In the word-RAM model, basic operations on words take constant time. This includes arithmetic operations ( $ \mathtt{+}$, $ \mathtt{-}$, $ \mathtt{*}$, $ \mathtt{/}$, $ \mathtt{\%}$), comparisons ($ <$, $ >$, $ =$, $ \le$, $ \ge$), and bitwise boolean operations (bitwise-AND, OR, and exclusive-OR).

Any cell can be read or written in constant time. A computer's memory is managed by a memory management system from which we can allocate or deallocate a block of memory of any size we would like. Allocating a block of memory of size $ k$ takes $ O(k)$ time and returns a reference (a pointer) to the newly-allocated memory block. This reference is small enough to be represented by a single word.

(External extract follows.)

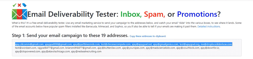 Acesse mail-tester.com. Copie o e-mail temporário fornecido pelo site e envie seu e-mail de teste para ele e verifique sua pontuação.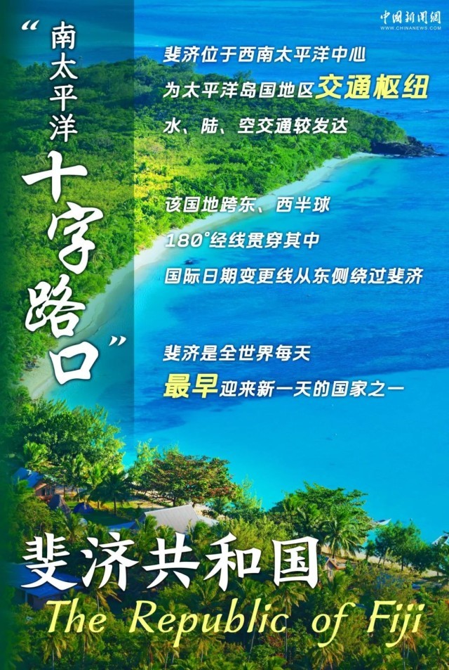 中新网8月17日电 这个国家,横跨东、西半球,是全球每天最早迎来新一天的国度之一。它由数百个岛屿组成,还拥有绚丽的珊瑚礁,风光旖旎,渔业资源丰富……它就是斐济共和国。

The word-size $ \mathtt{w}$ is a very important parameter of this model. The only assumption we will make about $ \mathtt{w}$ is the lower-bound $ \ensuremath{\mathtt{w}} \ge \log \ensuremath{\mathtt{n}}$, where $ \mathtt{n}$ is the number of elements stored in any of our data structures. This is a fairly modest assumption, since otherwise a word is not even big enough to count the number of elements stored in the data structure.

Space is measured in words, so that when we talk about the amount of space used by a data structure, we are referring to the number of words of memory used by the structure. All of our data structures store values of a generic type $ \mathtt{T}$, and we assume an element of type $ \mathtt{T}$ occupies one word of memory.

The $ \mathtt{w}$-bit word-RAM model is a fairly close match for modern desktop computers when $ \ensuremath{\mathtt{w}}=32$ or $ \ensuremath{\mathtt{w}}=64$. The data structures presented in this book don't use any special tricks that are not implementable in C++ on most architectures.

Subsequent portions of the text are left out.